Do you enjoy a little spice in your life? If you do, chances are you have tried using cayenne in various dishes to give it the “fire” you desperately crave. However, it turns out that cayenne is just not good for heating up your favourite dish, as it also provides many beneficial nutrients. Check out the healing benefits of cayenne.
Cayenne nutritional profile
Cayenne is part of the capsicum family that is related to bell peppers, jalapeños, and paprika. They grow no more than 4 feet tall and normally in tropical climates as they require moist and warm soil for best results, but they can be cultivated in some northern climates as well.
Cayenne is most often consumed in powdered spices and hot sauces, but can be eaten directly. Many herbalists believe it’s medicinal effectiveness kicks in at 35,000 – 40,000 heat units, and that can be exponentiated (if you are brave enough) by finding peppers up to 100,000 heat units. Of course, you need to be extremely careful when consuming peppers with high heat as they can severely burn your tongue and throat.
So what can you expect to get from consuming cayenne peppers regularly? Here is a glimpse of its nutritional profile:
Great source of vitamin A
Provides nice doses of vitamin B6, C, E, and K
Contains beneficial amounts of manganese, potassium, phosphorous, magnesium, and iron
Contains capsaicin, which neutralizes a neuropeptide linked to causing inflammation
Cayenne is also very antibacterial, viral, and fungal.Try Cayenne Fruit Tincture
Healing action of cayenne
Many of the healing benefits of cayenne pepper comes from its heat, and the stimulation that occurs in the body as a result.
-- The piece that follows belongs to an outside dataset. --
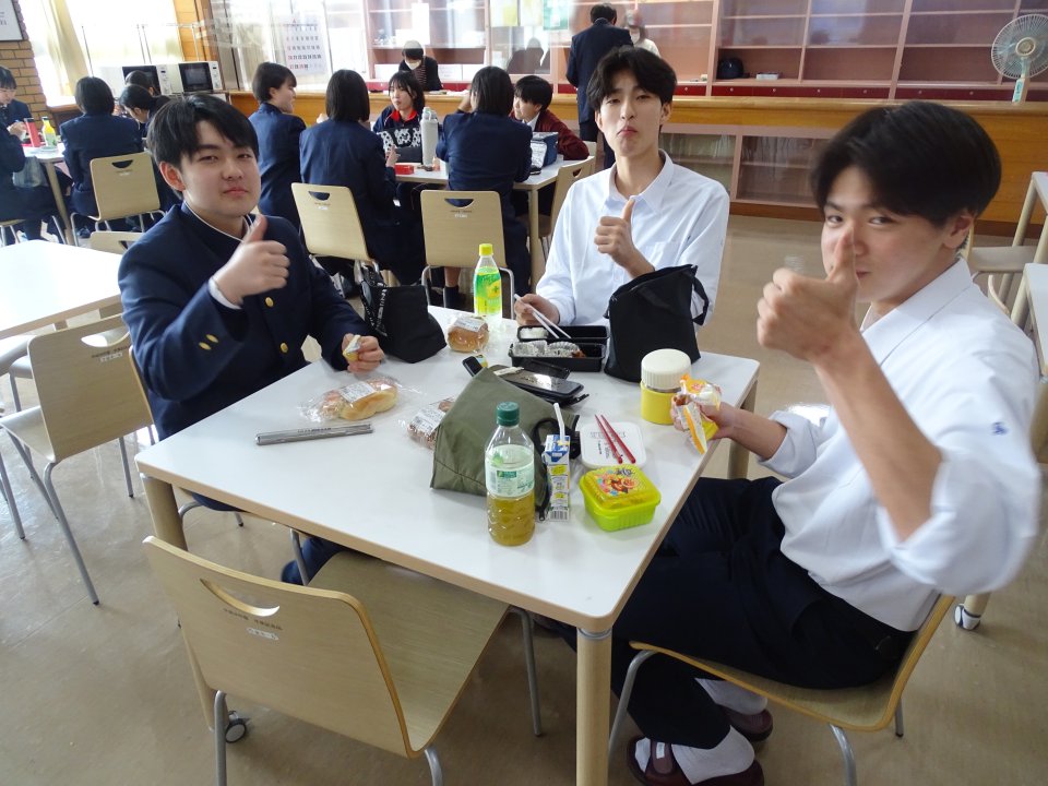 入学して2週間余り。まだまだ先輩に気を使ったり、遠慮したりする気持ちがある時期だと思うのですが、そんなことお構いなし。テーブルを並べて、購買でパンを買って、自動販売機でジュースを買って、お弁当も広げて、本当に楽しそうに昼食をとっています。お誕生日をお祝いする歌をうたったり、校歌をうたったりとこちらが笑っちゃうくらいです。

In fact, there is empirical evidence that many traumatic events have been stopped in their tracks through the use of cayenne, like heart attacks and migraines.
The healing benefits of cayenne include:
Helps improve overall cardiovascular function (helps dissolve excessive blood clots)
Provides angina relief
Helps prevent stomach ulcers (invigorates cells and kills intrusive bacteria)
Relieves upper abdominal discomfort and indigestion
Helps maintain insulin levels and creates a reduction in blood glucose levels, which has positive implications for type 2 diabetes
Relieves skin irritation, itching, and pain (topical cayenne creams or poultice)
Reduces joint pain, shingles, fibromyalgia, and nerve pain.
Helps relieve nasal infections
Promotes effective assimilation and elimination of ingested substances
Anti cold and flu, as well as anti-fungal
Helps induce apoptosis (cancer cell death)
The healing benefits of cayenne are difficult to ignore!
How to use cayenne in your diet
If you are not a spicy person, your options to use cayenne are likely limited to capsules. However, if you do enjoy a little or a lot of spice, it can be used in a number of different food and beverage applications, including:
Addition to any rice, pasta, or vegetable dish
Meat based meals, like beef chili, chicken, and fish (choose grass fed, and organic and free rang, and wild caught)
Total body tonic drink
So work this hot spice into your diet, and note the healing benefits along the way.